The new discovery "is decaying in normal quarks," Punzi said. "It has
different features," he added.

"One thing we know for sure -- it is not the Higgs-boson. That is the only
thing we know for sure."

-Mark



_____________________________________________ 
From:   Jones Beene [mailto:jone...@pacbell.net] 
Sent:   Monday, May 02, 2011 9:23 AM
To:     vortex-l@eskimo.com
Subject:        [Vo]:Watts-up with 28, 30, 33 day cycles?

Curious thing happens when you keep good lab notes over extended periods ...

Without getting into details yet, or addressing such niceties as Men Are
from Mars, Women Are from Venus... it is clear that different cosmological
cycles can influence activity in subtle ways ... and in not-so-subtle ways.

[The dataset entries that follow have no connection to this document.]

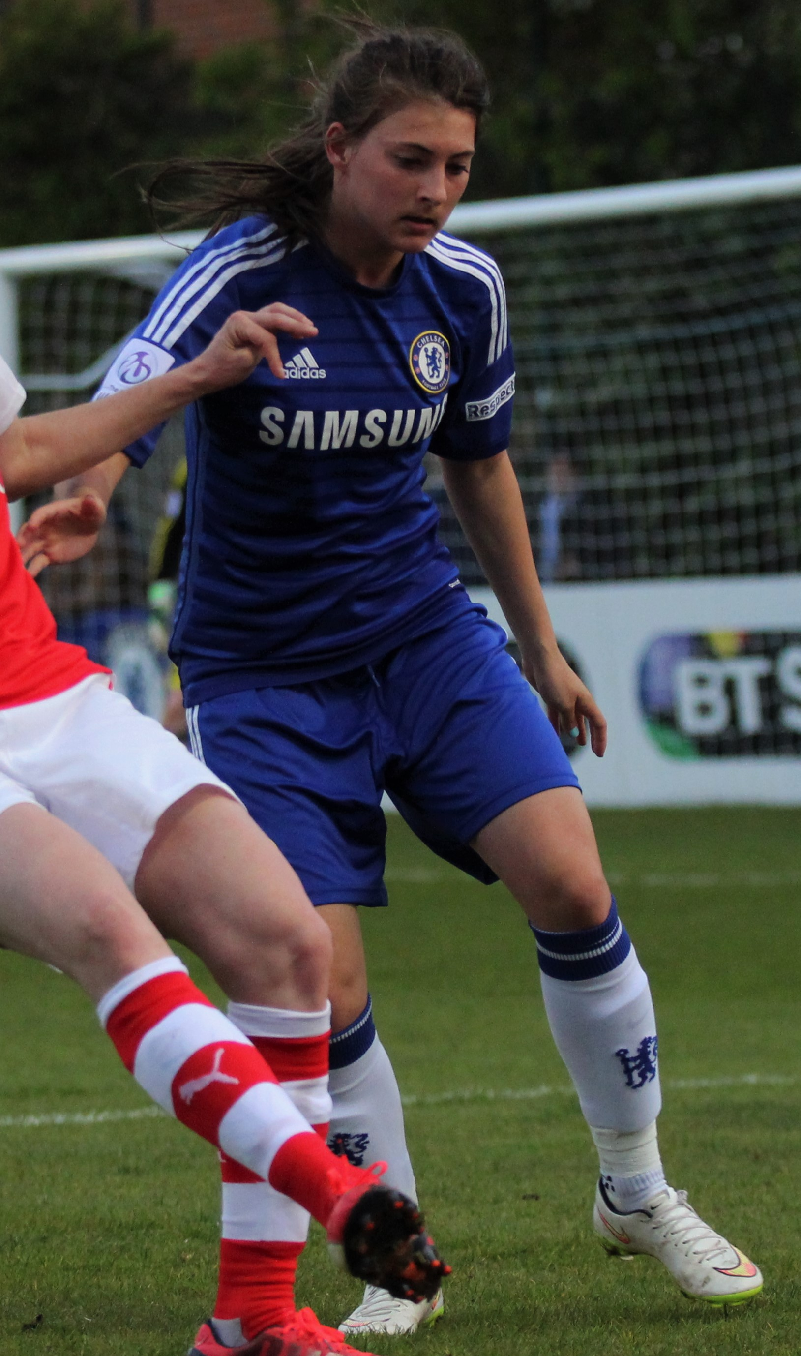 Natalia Pablos Sanchon of Arsenal Ladies passes the ball, defender by Hannah Blundell of Chelsea
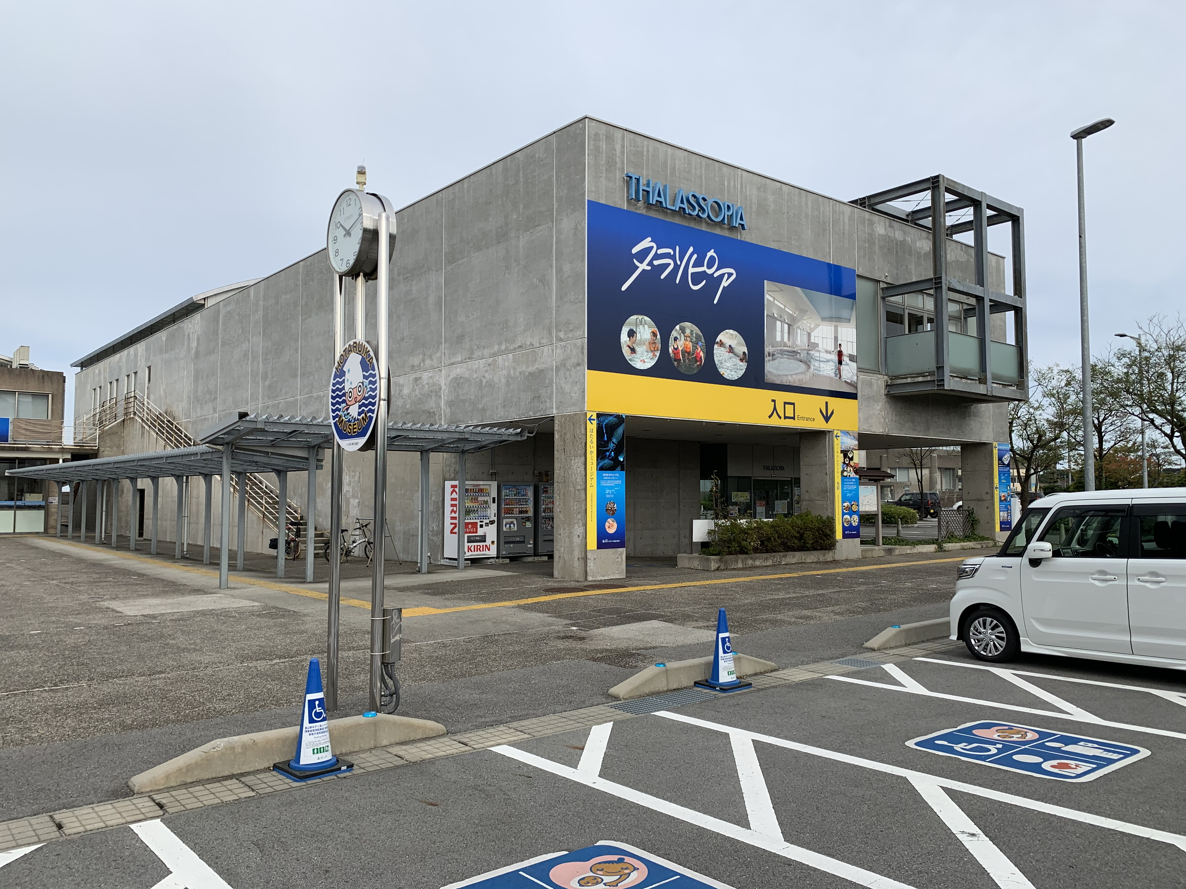 Thalassotherapy facility "Thalassopia" at Michinoeki Wave Park Namerikawa in Namerikawa City, Toyama Prefecture, Japan
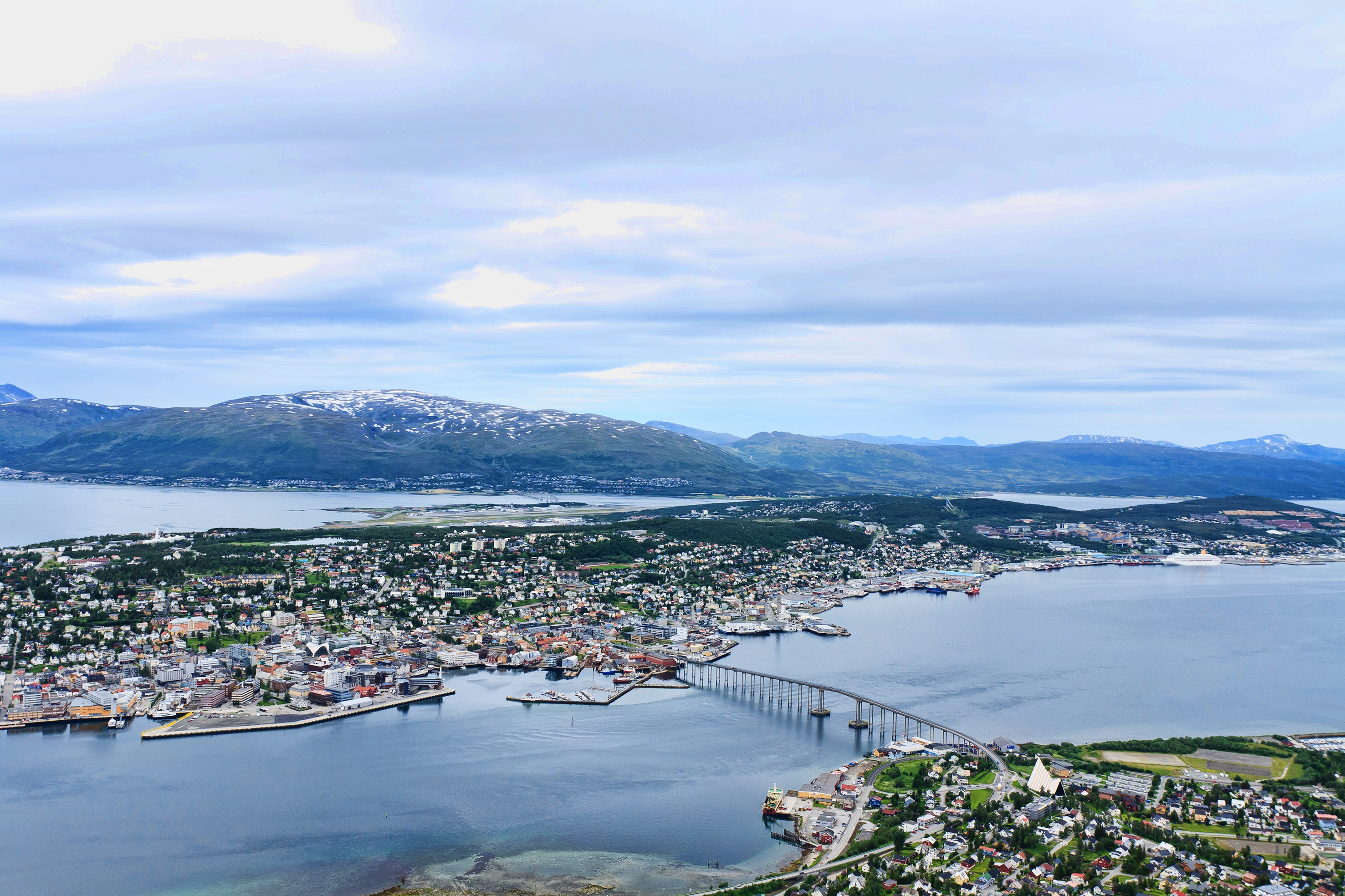 A summer view from the cable car. This image may be downloaded for commercial and non-commercial use. Please credit the photographer. --- Bildet kan fritt lastes ned. Vennligst krediter fotograf. Foto / Photo Credit: Eva Meyer Hanssen
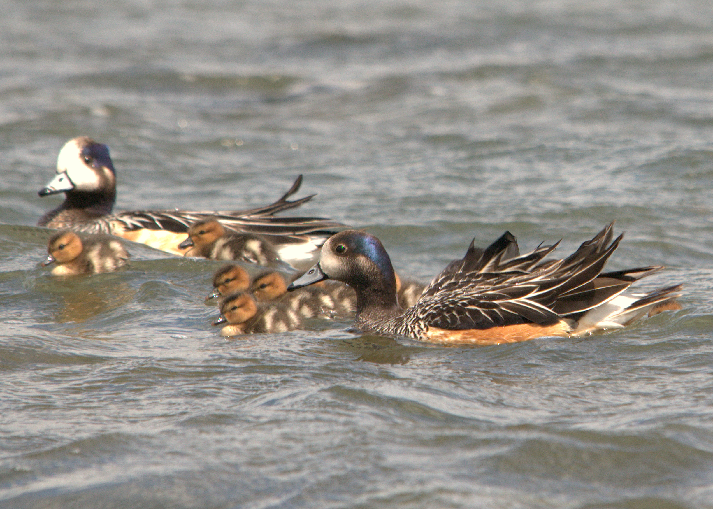 A Chilöe Wigeon family in Puerto Natales, Patagonia, Chile.
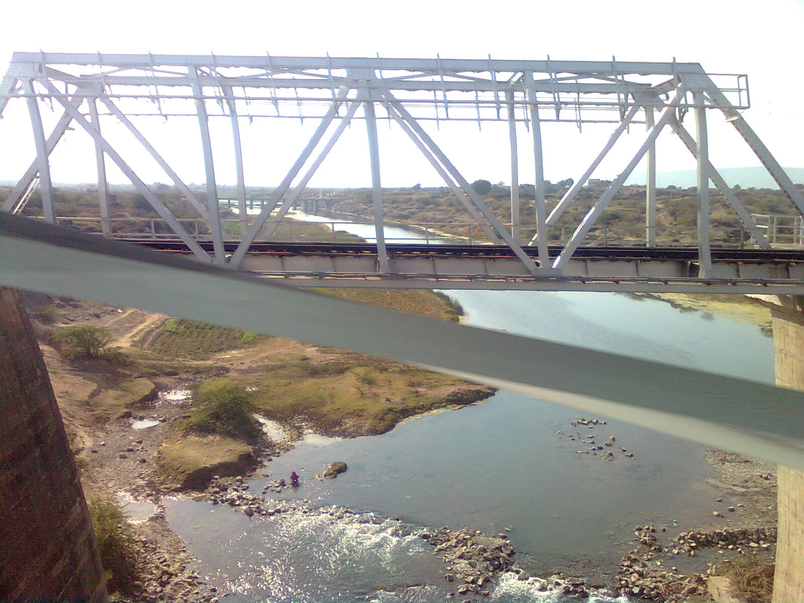 Mej River near Lakheri, near Sawai Madhopur, in Rajasthan, India
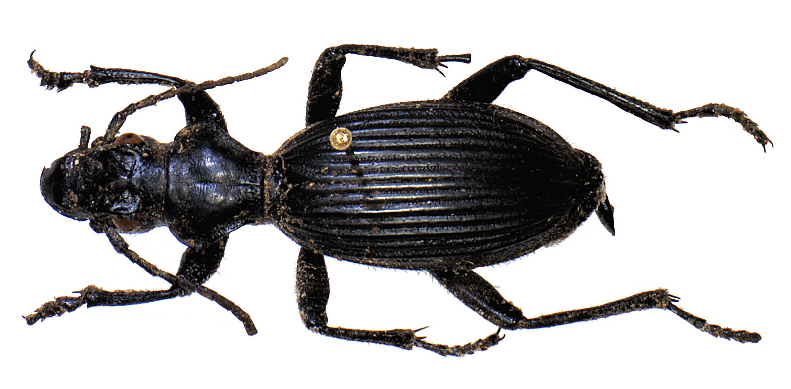 A large African carabid beetle, Tefflus zebulianus reichardi Kolbe, 1886, collected in the Congo: Shaba, Sep. 1985.
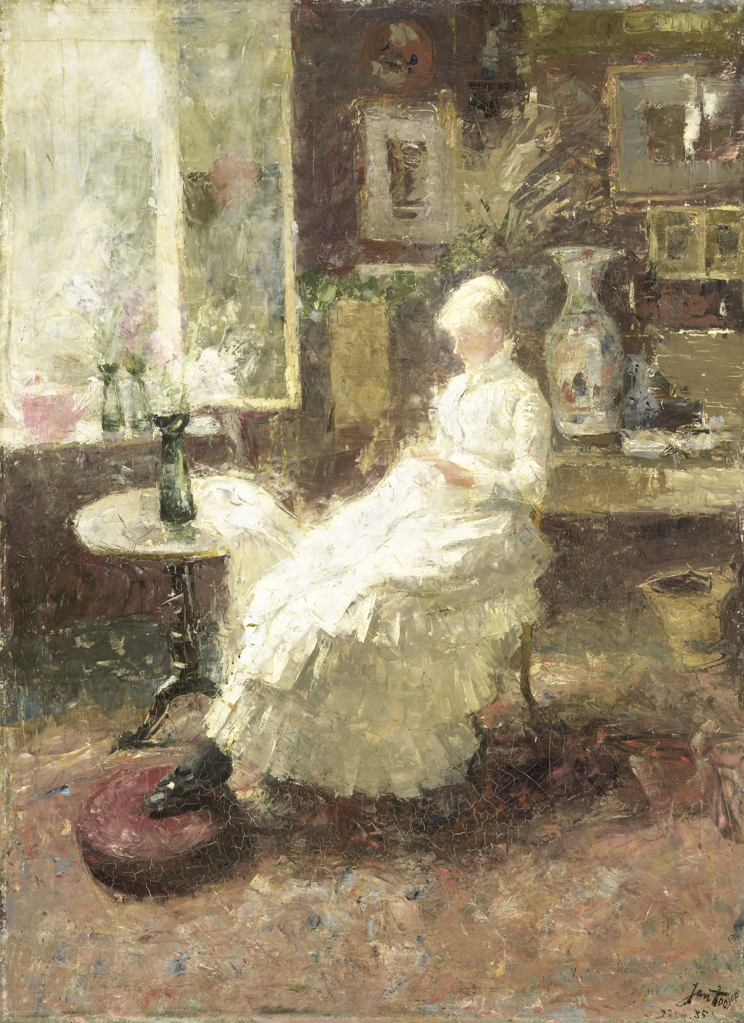 Portrait of Annie Hall in Lissadell, Surrey. In a room a sitting woman is doing needlework by a round table.
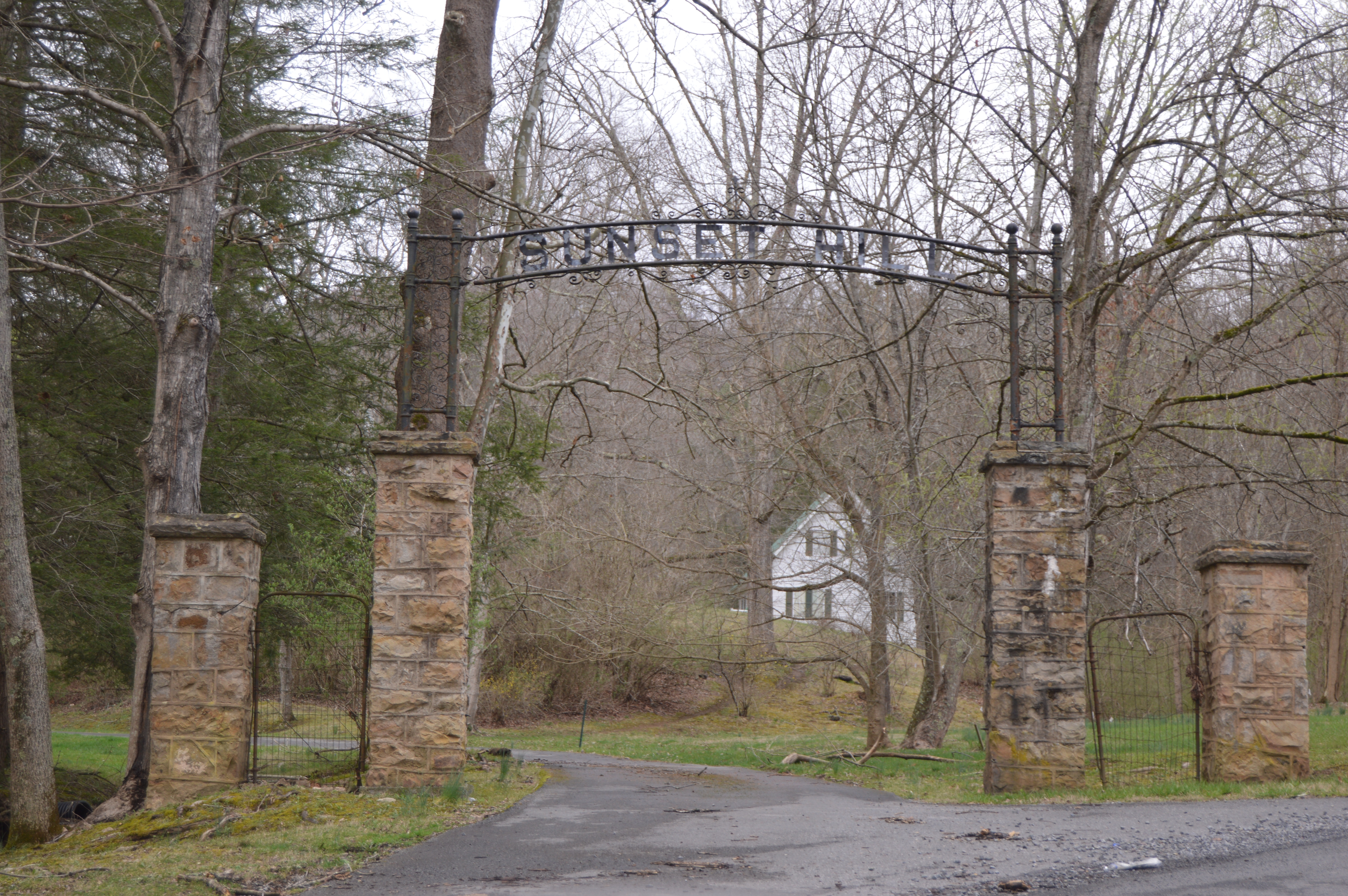 Roadside view of the Sunset Hill property, located on Flat Mountain Road just southeast of Alderson in Monroe County, West Virginia, United States. The property is listed on the National Register of Historic Places.

The same may apply to why experiments with nano-materials work better on
certain days than others. This is probably NOT a strained metaphor. It may
tell us something about the identity of hidden influences. Here is a
confirming story from which some of the implications of this post are
loosely based (just so you will know it is not moonshine):

http://news.stanford.edu/news/2010/august/sun-082310.html

The time between two full moons is ~ 29 days, 12 hours, 44 minutes but this
is longer than the time it takes the Moon to make one orbit around the Earth
with respect to the fixed stars (the sidereal month), which is about two
days shorter. This difference is caused by the fact that the Earth-Moon
system is orbiting around the Sun at the same time the Moon is orbiting
around the Earth.

In addition to that, and possibly far more relevant to the experimenter -
you have the Sun's rotation- or should I say double rotation.  The core of
the sun rotates at a different rate than its surface, and it works out to
every 33 days. The solar core is the source of solar neutrinos and is more
massive. 

Neutrinos "weakly interact" in principle but not always ... but that is
fodder for another grazing.

Plus the Earth is closer to the sun during the winter months in the Northern
Hemisphere (earth's orbit is slightly elongated) and this - along the sun
and moon cycles - could affect nuclear reactions that depend, even remotely
on a neutrino flux.

A few careful researchers, as in the cited article, have noticed that
nuclear decay rates vary repeatedly every 33 days -- a period of time that
matches the rotational period of the core of the sun. The surface rotates
once every 28 days - so surprisingly the rotation rate of the surface of the
sun is faster than the core, and yet almost all neutrinos bare believed to
come from the core. However, the 28 day cycle can also shows up in other
data, but it could be lunar.

It is also strange that these cyclical rates, as different as they are in
detail, are similar in what humans want to gauge as a "month" but since
ancient times have realized is an imprecise value of time. So there are
really 3-4 overlapping cycles of about a month, but they can be aligned with
each other or not, and over periods of about 11-12 years which is seen in
another variety of solar cycle.... And on a related note, the appearance of
the "rogue wave" (superwave) seems to be more prevalent when merged and
overlapping cycles (heterodyning) which are almost the same, but not quite.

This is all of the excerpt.